ROS can induce cell death, thus acting as a tumor suppressor [21]. Flow cytometry showed that the fluorescence intensities of both DCFH-DA and MitoSOX Red increased with an increased concentration of TFP in both OSCC cell lines (Fig. 2A). TFP-induced ROS production was inhibited by the ROS inhibitor N-acetyl cysteine (NAC) (Fig. 2B). Furthermore, co-treatment with TFP and NAC effectively reduced TFP-induced cell death (Fig. 2C). In addition, MMP, an important parameter reflecting mitochondrial function, was assessed using JC-1 staining. Treatment with TFP resulted in a decrease in MMP in both OSCC cell lines, as indicated by increased green fluorescence (Fig. 2D), suggesting that TFP disrupts mitochondrial function.

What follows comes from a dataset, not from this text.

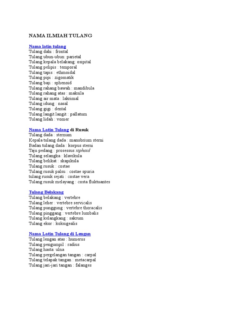 Nama Ilmiah Tulang Nama Ilmiah Tulang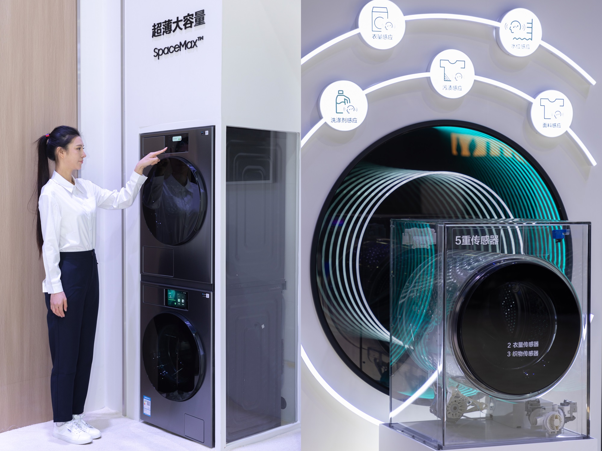 AI时代,洗衣机行业正在经历着前所未有的变革,兼顾清洗、烘干和护理任务的产品,已成为提升生活品质的一大利器。在AWE 2025上,三星展示了旗下高效洗衣和干衣的集大成者——AI神 黑钻热泵洗烘旗舰。该产品搭载多重智能感应技术,AI洗涤和烘干功能可自动识别衣物重量、材质和脏污程度,精准把控洗涤过程中的水位、洗涤剂用量、时间以及烘干流程。配合AI泡泡净技术™和低温热泵烘干技术,可深入衣物纤维内部瓦解污渍的同时对衣物进行柔和烘干,不仅呵护了面料、色彩和质感,而且让衣物更加蓬松舒适。

To further investigate whether the metabolic reprogramming in OSCC cells that was inhibited by TFP treatment was related to mitochondrial function, we examined those parameters using a Seahorse XF cell mito stress test kit in HSC-3 oral cancer cells. Notably, when exposed to a TFP concentration of 30 μM, the parameters of respiration (including basal respiration, ATP production, maximum respiration, and proton leak) exhibited significant reductions (Fig. 2E). These findings suggest that TFP may adversely affect the mitochondrial network due to impaired respiration capacity. Taken together, these findings strongly suggest that TFP-induced cell death of OSCC cells is due to ROS-mediated mitochondrial dysfunction.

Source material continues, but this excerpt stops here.